··· Dataset content ···
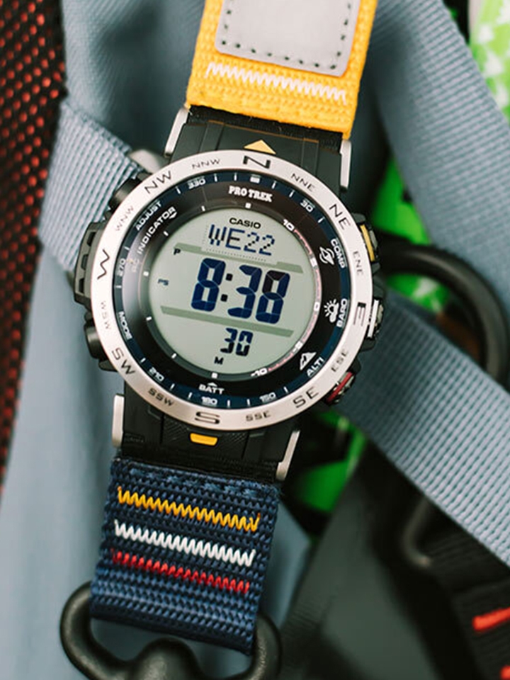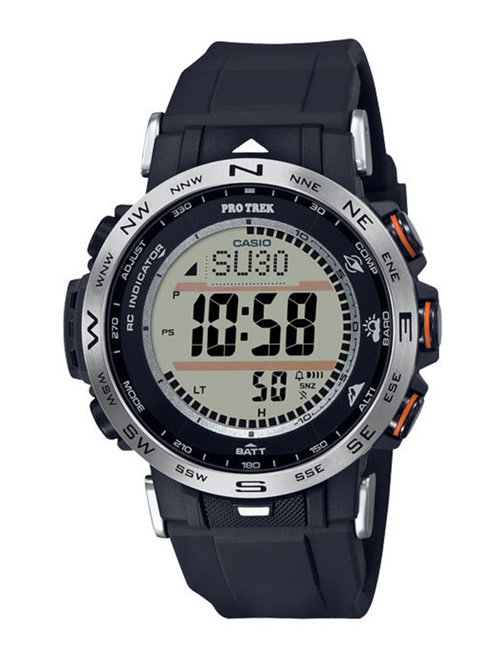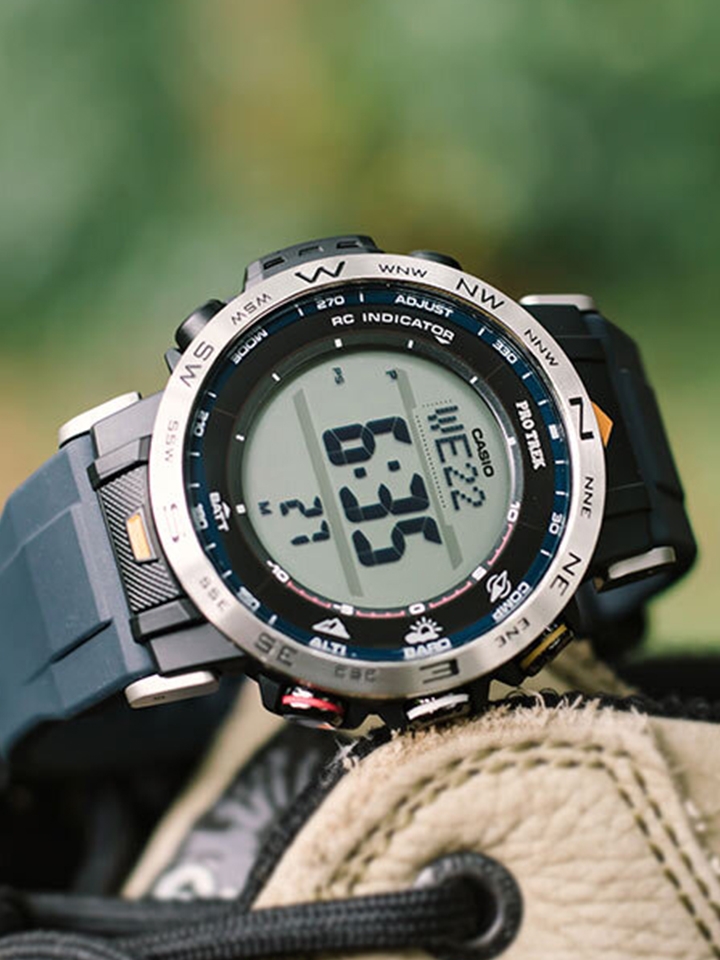 卡西欧Protrek登山系列运动男表。防刮矿物晶体表镜,更易辨别,增加可视性。采用三重感应器,六局电波,功能包括罗盘、气压、高度、温度、100M防水、太阳能,进一步减少了能量消耗并提高了测量精度。抗低温功能,可抵抗低温-10°C。钛金属表带,简约大方,方便佩戴。
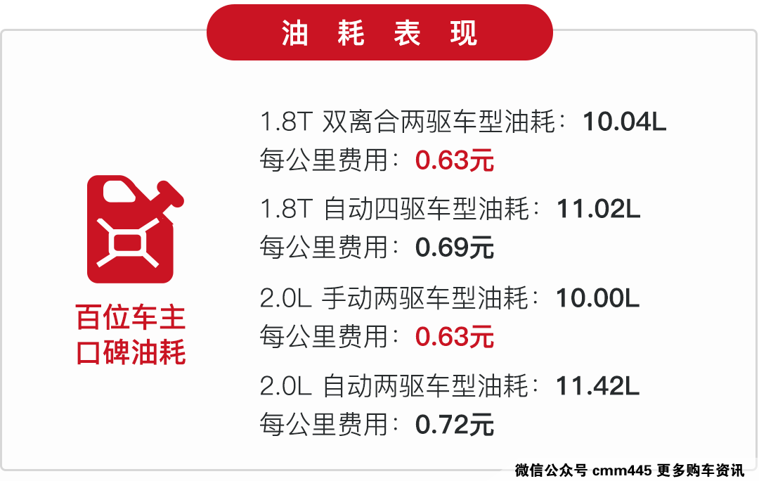 另一个问题就是1.8T 5AT车型全系配有适时四驱系统,而7挡双离合车型则全系为两驱。2.0L车型的整备质量与1.8T双离合车型一致,但自动挡车型的油耗比1.8T的四驱车型还高出一截,明显是发动机热效率不如1.8T。
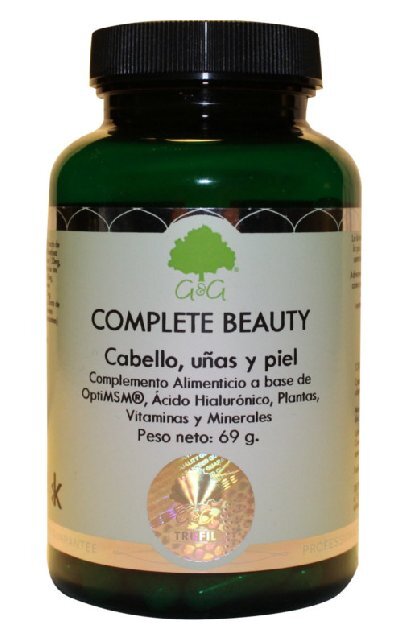 COMPLETE BEAUTY; contiene OptiMSM, Espirulina, Bambú y Acido Hialurónico. Estos ingredientes actúan de manera natural contra el envejecimiento celular, potenciando tu imagen y belleza.
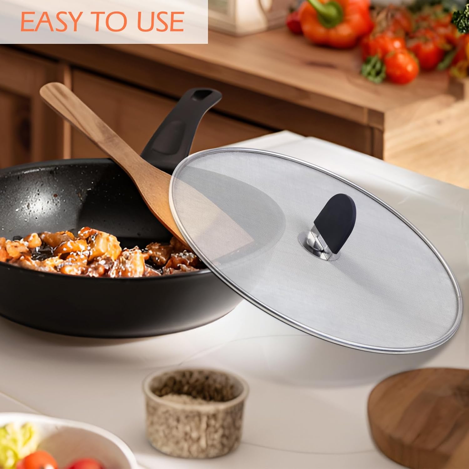 - [Quality made] - Made fine mesh and high-quality stainless steel of grease screens for fry pans and ensure your safety while cooking with this grease splatter guard for frying pan, minimizing the risk caused by oil splashes
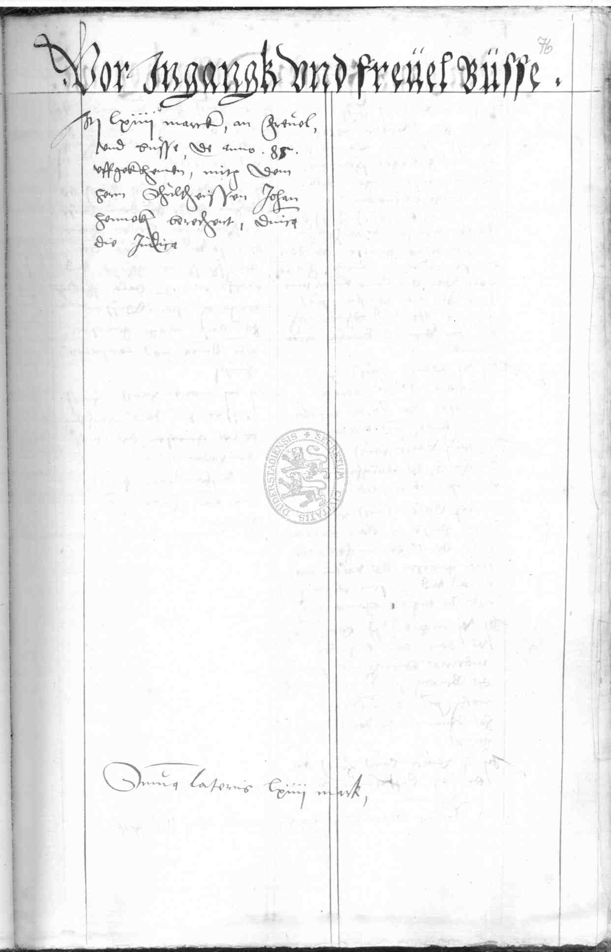 | Rubrum: | vor ingangk und frevel busse |
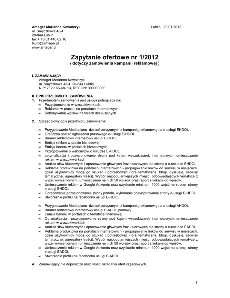 Amager Marianna Kowalczyk ul. Smyczkowa 4/94 20-844 Lublin fax + 48 81 440 62 16 [email protected] www.amager.pl Lublin , 20.01.2012 Zapytanie ofertowe nr 1/2012 ( dotyczy zamówienia kampanii reklamowej ) I. ZAMAWIAJĄCY Amager Marianna Kowalczyk ul. Smyczkowa 4/94 20-844 Lublin NIP: 712-166-68- 13, REGON: 000000000, II. OPIS PRZEDMIOTU ZAMÓWIENIA 1. Przedmiotem zamówienia jest usługa polegająca na: • Pozycjonowaniu w wyszukiwarkach, • Reklamie w prasie i na portalach internetowych, • Dokonywania wpisów na forach dyskusyjnych 2. Szczegółowy opis przedmiotu zamówienia: • • • • • • • • • • • • • • • • • • • • 4. Przygotowanie Mediaplanu działań związanych z kampanią reklamową dla e-usługi EHDOL Graficzna postać ogłoszenia prasowego e-usługi E-HDOL Banner reklamowy internetowy usługi E-HDOL Emisja reklam w prasie biznesowej Emisja baneru w portalach biznesowych Przygotowanie 5 webcastów o usłudze E-HDOL optymalizacja i pozycjonowanie strony pod kątem wyszukiwarek internetowych, umieszczanie reklam w wyszukiwarkach Analiza słów kluczowych i opracowanie głównych fraz kluczowych dla strony o e-usłudze EHDOL Reklama produktowa na portalach internetowych - propagowanie linków do serwisu w miejscach, gdzie użytkownicy mogą go szukać i potrzebować (fora tematyczne, blogi, dyskusje, serwisy tematyczne, agregatory treści). Wybór najpopularniejszych miejsc, odpowiadających tematyce z wyzej wymienionych i umieszczenie na nich 50 wpisów oraz raport z linkami do wpisów. Umieszczenie reklam w Google Adwords oraz uzyskanie minimum 1000 wejść na stronę strony e-usugi EHDOL Opracowanie pozycjonowania strony portalu, wykonanie pozycjonowania strony e-usugi E-HDOL Stworzenie profilu na facebooku usługi E-HDOL Przygotowanie Mediaplanu działań związanych z kampanią reklamową dla e-usługi AHDOL Banner reklamowy internetowy usługi E-ADOL pionowy Emisja baneru w portalach o tematyce finansowej Optymalizacja i pozycjonowanie strony pod kątem wyszukiwarek internetowych, umieszczanie reklam w wyszukiwarkach Analiza słów kluczowych i opracowanie głównych fraz kluczowych dla strony o e-usłudze EADOL Reklama produktowa na portalach internetowych - propagowanie linków do serwisu w miejscach, gdzie użytkownicy mogą go szukać i potrzebować (fora tematyczne, blogi, dyskusje, serwisy tematyczne, agregatory treści). Wybór najpopularniejszych miejsc, odpowiadających tematyce z wyzej wymienionych i umieszczenie na nich 50 wpisów oraz raport z linkami do wpisów. Umieszczenie reklam w Google Adwords oraz uzyskanie minimum 1000 wejść na stronę strony e-usugi EADOL Stworzenie profilu na facebooku usługi E-ADOL Zamawiający nie dopuszcza możliwości składania ofert częściowych. 1 5. Zamawiający dopuszcza możliwość powierzenia części lub całości zamówienia podwykonawcom. Zastrzega się jednak, że oferent musi poinformować zamawiającego o podwykonawstwie w trakcie realizacji oferty III. TERMIN WYKONANIA ZAMÓWIENIA Rozpoczęcie kampanii: od 01.02.2012 r. Termin wykonania przedmiotu zamówienia: do 23.03.2012 r. IV. OPIS SPOSBU PRZYGOTOWANIA OFERTY Oferent powinien stworzyć ofertę zawierającą formularz cenowy załączony do niniejszego zapytania. Oferta powinna być: - opatrzona pieczątką firmową, - posiadać datę sporządzenia, - zawierać adres lub siedzibę oferenta, numer telefonu, numer NIP, - podpisana czytelnie przez wykonawcę, - termin związania ofertą (minimum 30 dni kalendarzowych). V. MIEJSCE ORAZ TERMIN SKŁADANIA OFERT 1. Oferta powinna być przesłana za pośrednictwem: poczty elektronicznej na adres: [email protected] , faksem na nr: + 48 81 440 62 16, poczty lub kuriera na adres: Erazma Ciołka 10 01-402 Warszawa do dnia 29.01.2012. wraz z załączoną kserokopią wypisu z rejestru przedsiębiorców lub zaświadczenia z ewidencji działalności gospodarczej, wystawione w dacie nie wcześniejszej niż sześć miesięcy przed datą złożenia oferty. 2. Wybór najkorzystniejszej oferty zostanie ogłoszony 30.01.2012 na stronie internetowej pod adresem http://www.twojeraporty.pl/o_nas/przetargi 3. Oferty złożone po terminie nie będą rozpatrywane 4. Oferent może przed upływem terminu składania ofert zmienić lub wycofać swoją ofertę. 5. W toku badania i oceny ofert Zamawiający może żądać od oferentów wyjaśnień dotyczących treści złożonych ofert. 6. Zapytanie ofertowe zamieszczono na stronie: www.twojeraporty.pl VI. OCENA OFERT Zamawiający dokona oceny ważnych ofert i wybierze najbardziej korzystną ekonomicznie VII. INFORMACJE DOTYCZĄCE WYBORU NAJKORZYSTNIEJSZEJ OFERTY O wyborze najkorzystniejszej oferty Zamawiający zawiadomi oferentów za pośrednictwem strony internetowej znajdującej się pod adresem http://www.twojeraporty.pl/o_nas/przetargi VIII. DODATKOWE INFORMACJE Dodatkowych informacji udziela Konrad Kowalczyk pod numerem telefonu 503 029 200 oraz adresem email: [email protected] Zamawiający zastrzega sobie prawo do unieważnienia postępowania bez podania przyczyny IX. ZAŁĄCZNIKI Załącznik 1 Wzór formularza cenowego. 2 Załącznik 1 Wzór formularza cenowego Element Przygotowanie Mediaplanu działań związanych z kampanią reklamową dla e-usługi EHDOL Graficzna postać ogłoszenia prasowego e-usługi E-HDOL Banner reklamowy internetowy usługi E-HDOL Emisja reklam w prasie biznesowej Emisja baneru w portalach biznesowych Przygotowanie 5 webcastów o usłudze E-HDOL optymalizacja i pozycjonowanie strony pod kątem wyszukiwarek internetowych, umieszczanie reklam w wyszukiwarkach Analiza słów kluczowych i opracowanie głównych fraz kluczowych dla strony o e-usłudze EHDOL Reklama produktowa na portalach internetowych propagowanie linków do serwisu w miejscach, gdzie użytkownicy mogą go szukać i potrzebować (fora tematyczne, blogi, dyskusje, serwisy tematyczne, agregatory treści). Wybór najpopularniejszych miejsc, odpowiadających tema
···
Task description
From the first line through the line with "另一个问题就是1.8T 5A", output those lines of the entries above exactly, and nothing else, with the pictures left out.

Response below
 卡西欧Protrek登山系列运动男表。防刮矿物晶体表镜,更易辨别,增加可视性。采用三重感应器,六局电波,功能包括罗盘、气压、高度、温度、100M防水、太阳能,进一步减少了能量消耗并提高了测量精度。抗低温功能,可抵抗低温-10°C。钛金属表带,简约大方,方便佩戴。
 另一个问题就是1.8T 5AT车型全系配有适时四驱系统,而7挡双离合车型则全系为两驱。2.0L车型的整备质量与1.8T双离合车型一致,但自动挡车型的油耗比1.8T的四驱车型还高出一截,明显是发动机热效率不如1.8T。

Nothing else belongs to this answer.